Work instructions:
Could you repeat, word for word, the line with "Conforme a la" and every line after it in the records below, leaving out any pictures?

Records from a data source
--- START ---

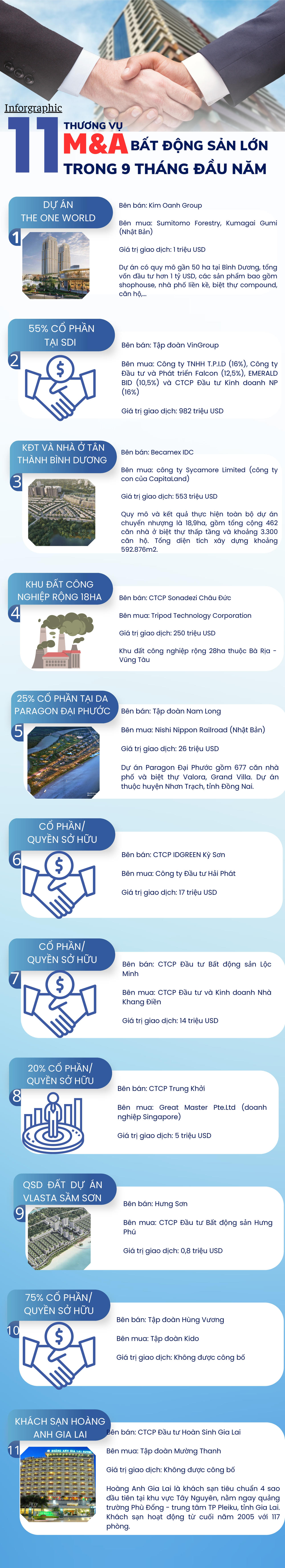 Inforgraphic: 11 thương vụ M&A bất động sản lớn trong 9 tháng đầu năm
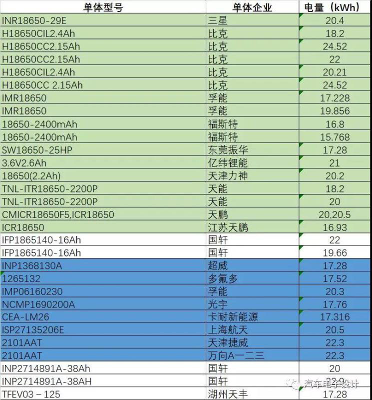 我們從2017年開始,2017年5月份的電芯情況如下圖所示,主要是18650和軟包為主的,由于A00級別的電動汽車當時普遍只有150km,帶電量從15kWh-20kwh左右,所以整體的配置情況是小電芯做小電池。
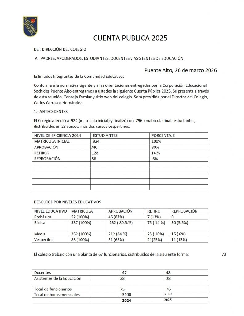 Conforme a la normativa vigente y a las orientaciones entregadas por la Corporación Educacional Sochides Puente Alto, compartimos a ustedes la siguiente Cuenta Pública 2025,
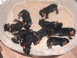 En het nest van onze Eevee, hier geboren (Abby is haar moeder) bestond uit 7 pupjes, 3 teefjes en 4 reutjes maar helaas heeft een teefje het niet gered (een bijzonder gekleurd blue merle pupje en voor de rest allen driekleur, Eevee is de pup links op de foto)...
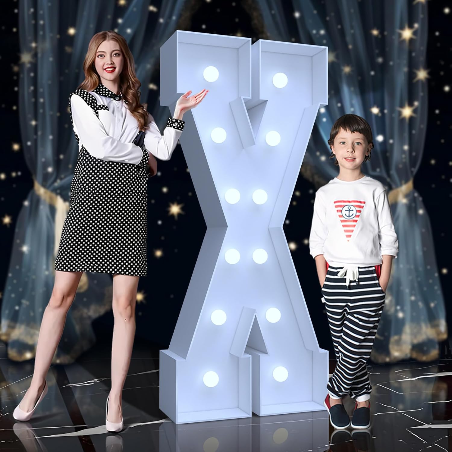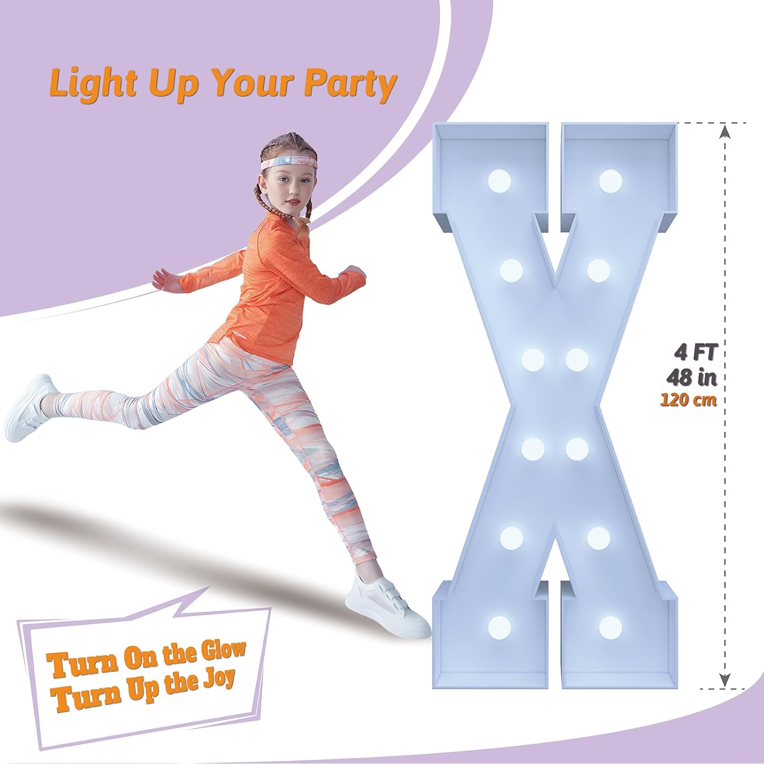 4FT Marquee Light Up Letters X – Cool White LED, Easy to Assemble Foam Board with Back Support, Large Marquee Light Up Letters for Birthday, Wedding, Party, Anniversary, Baby Shower Decor
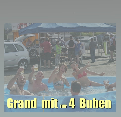 Wenn man einen Grand spielt, ist man froh über 4 Buben. Wenn man eine Rallye- Serie organisiert nicht... Dann möchte man sich an liebsten ver- kriechen anstatt das Schatten-Zelt auf- zubauen. Aber natürlich läuft mir der Rallyelei- ter Heiko sofort über den Weg. "Wieso seid ihr nicht mehr...?" "Wenn ich das wüsste...!" |
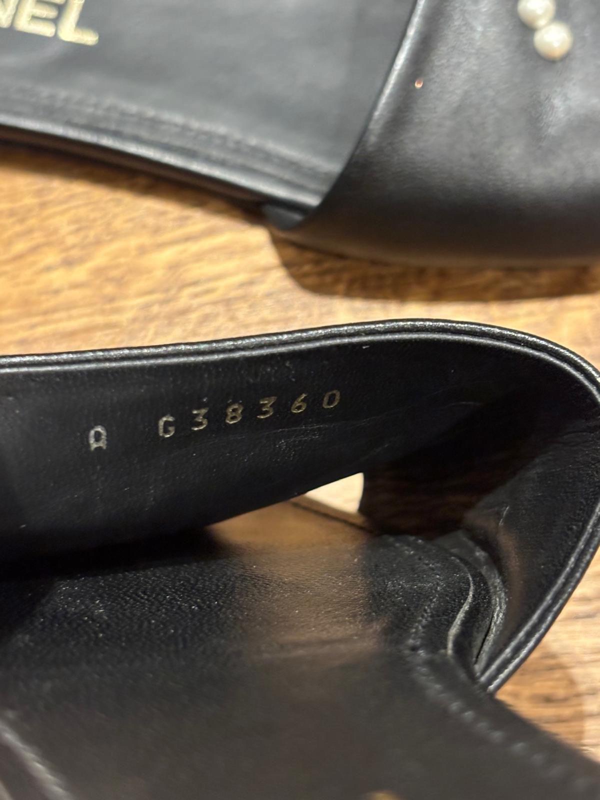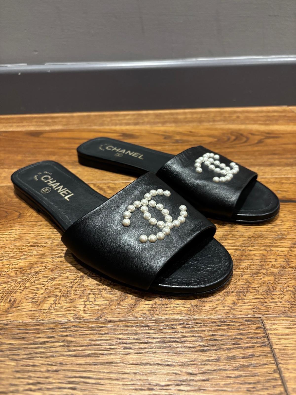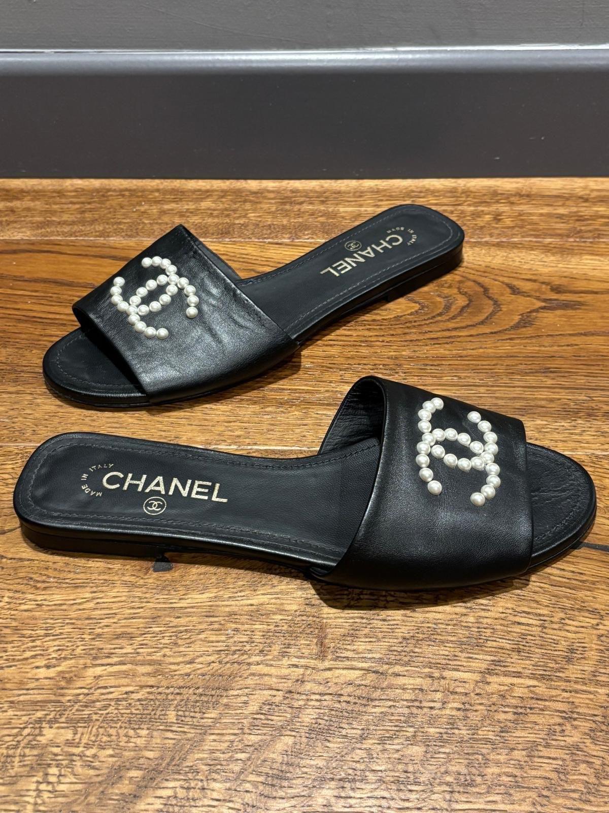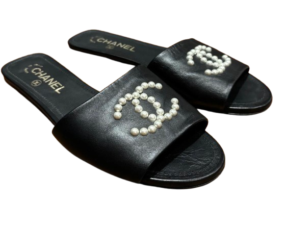 Chanel black leather slide sandals with pearl CC logo embellishment. Made in Italy. Size 38.5. Shows signs of wear on the soles.

--- END ---

Response below:
 Conforme a la normativa vigente y a las orientaciones entregadas por la Corporación Educacional Sochides Puente Alto, compartimos a ustedes la siguiente Cuenta Pública 2025,
 En het nest van onze Eevee, hier geboren (Abby is haar moeder) bestond uit 7 pupjes, 3 teefjes en 4 reutjes maar helaas heeft een teefje het niet gered (een bijzonder gekleurd blue merle pupje en voor de rest allen driekleur, Eevee is de pup links op de foto)...
 4FT Marquee Light Up Letters X – Cool White LED, Easy to Assemble Foam Board with Back Support, Large Marquee Light Up Letters for Birthday, Wedding, Party, Anniversary, Baby Shower Decor
 Wenn man einen Grand spielt, ist man froh über 4 Buben. Wenn man eine Rallye- Serie organisiert nicht... Dann möchte man sich an liebsten ver- kriechen anstatt das Schatten-Zelt auf- zubauen. Aber natürlich läuft mir der Rallyelei- ter Heiko sofort über den Weg. "Wieso seid ihr nicht mehr...?" "Wenn ich das wüsste...!" |
 Chanel black leather slide sandals with pearl CC logo embellishment. Made in Italy. Size 38.5. Shows signs of wear on the soles.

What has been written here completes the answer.